I need every line from the start of the material below up to and including the line containing "- The Choose", restated exactly, with the pictures omitted.

Given material:
*** Begin section ***
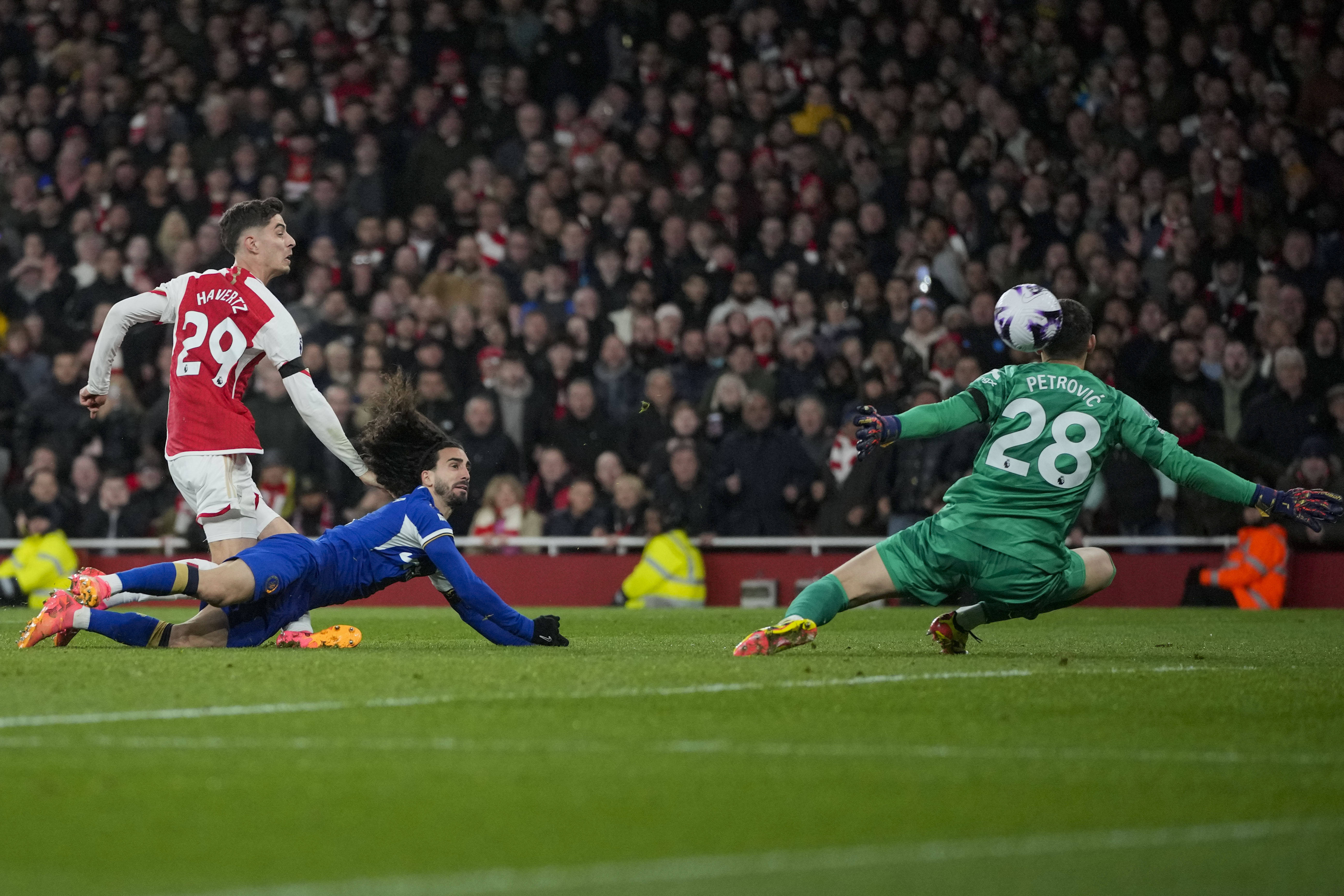 4月23日,阿森纳队球员哈弗茨(左)射门得分阿森纳足球直播。
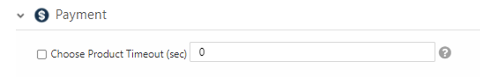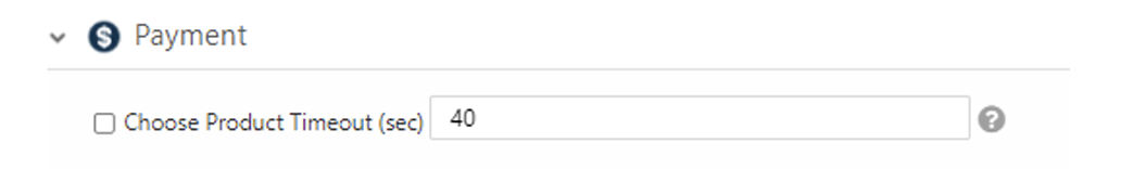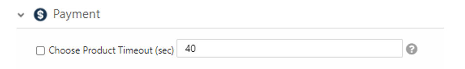- The Choose Product Timeout option is the timeframe that the consumer is required to choose a product. When the transaction flow starts with card authorization, the Choose Product Timeout option must be defined with a value greater than zero.
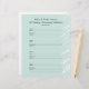 Esta página de inicio de sesión personalizada de relleno de 8,5" x 11", en un diseño verde azul con letras negras, está personalizada y es perfecta para rellenar libros de memoria de Fiesta de aniversario o libros de invitados de estilo binder. Este papel de relleno del bloc de notas es fácil de personalizar: cambiar nombre, título del evento y eliminar o modificar fecha. La página está pre-formateada para que los asistentes agreguen su información de contacto y un mensaje a medida que inician sesión, 4 nombres por página. Tendrás que perforar agujeros para que encajen en tu encuadernador. Todos los derechos reservados © 2014 Alan & Marcia Socolik
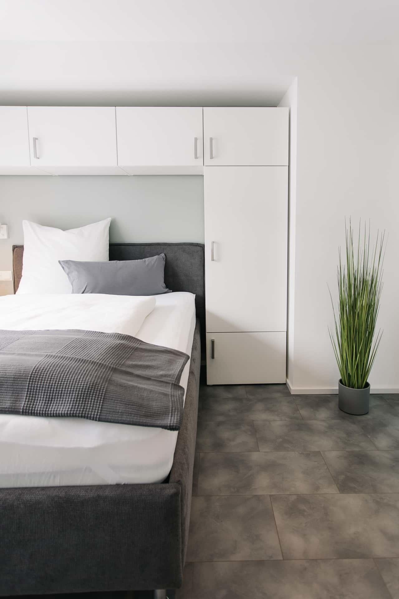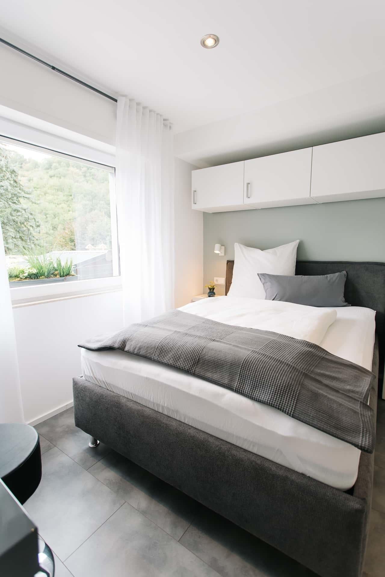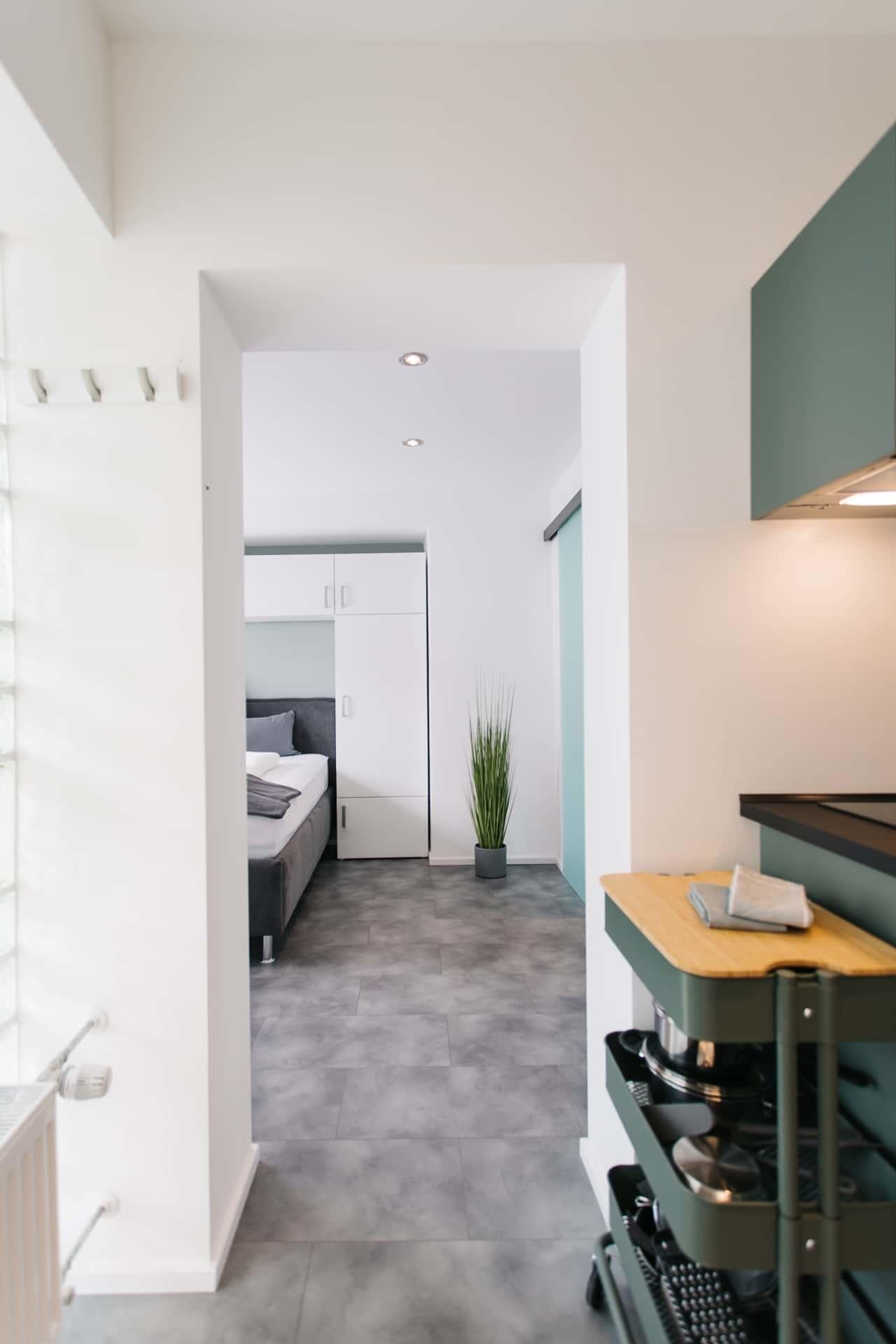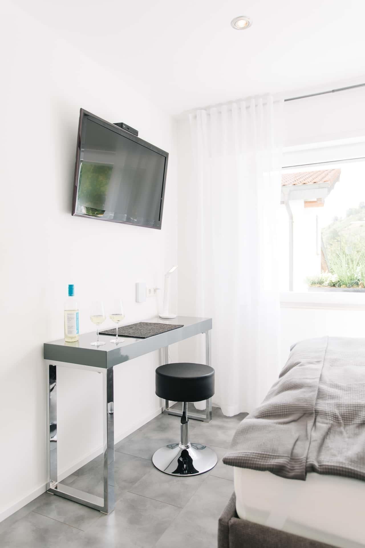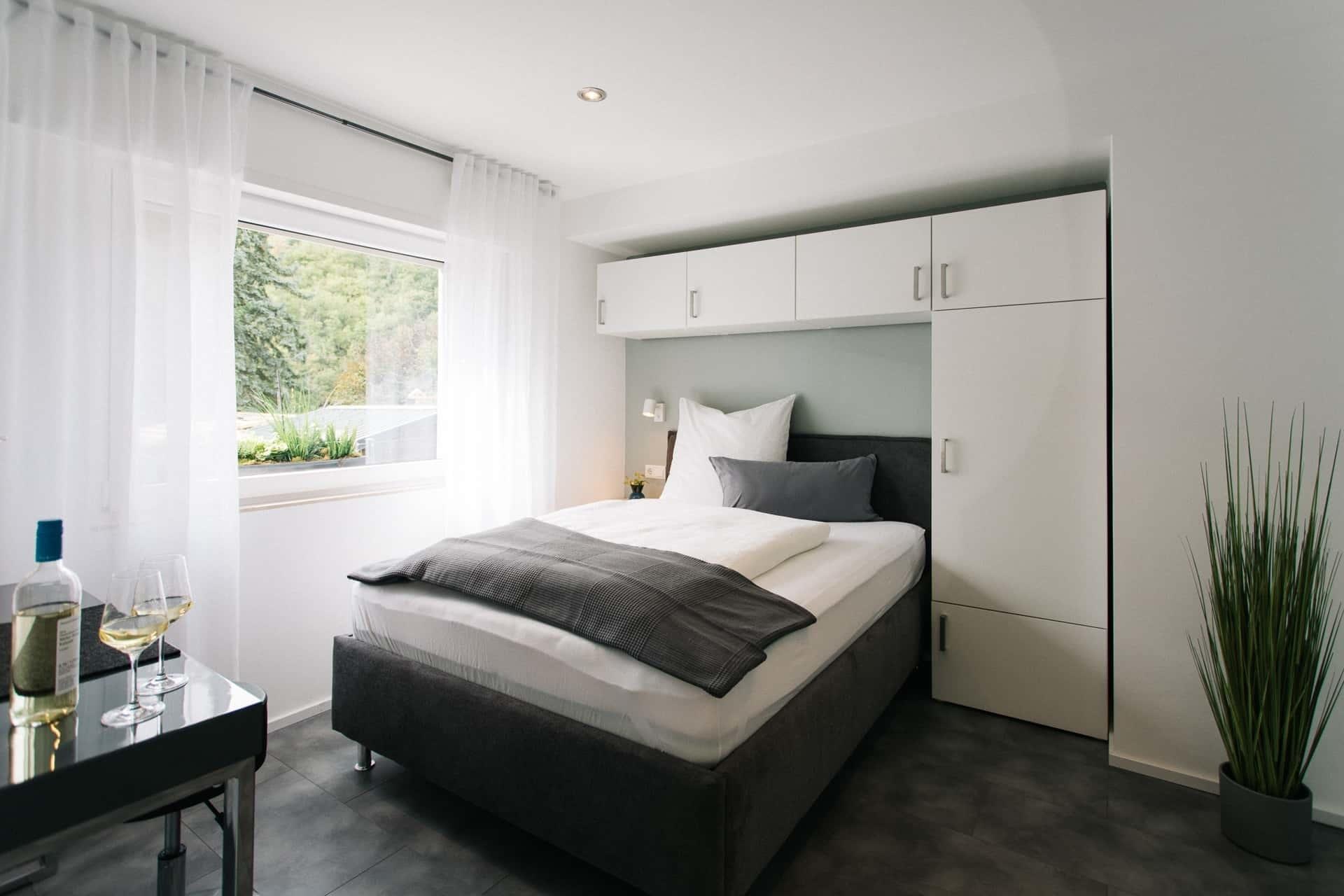 Wohn-/Schlafzimmer: Queensize-Bett für 1 - 2 Erwachsene (140x200), großer Kleiderschrank mit reichlich Platz, 38’’-Smart-TV (mit Google-Chrome-Cast zum Streamen), Schreibtisch
*** End section ***
Exercise answer:
 4月23日,阿森纳队球员哈弗茨(左)射门得分阿森纳足球直播。
- The Choose Product Timeout option is the timeframe that the consumer is required to choose a product. When the transaction flow starts with card authorization, the Choose Product Timeout option must be defined with a value greater than zero.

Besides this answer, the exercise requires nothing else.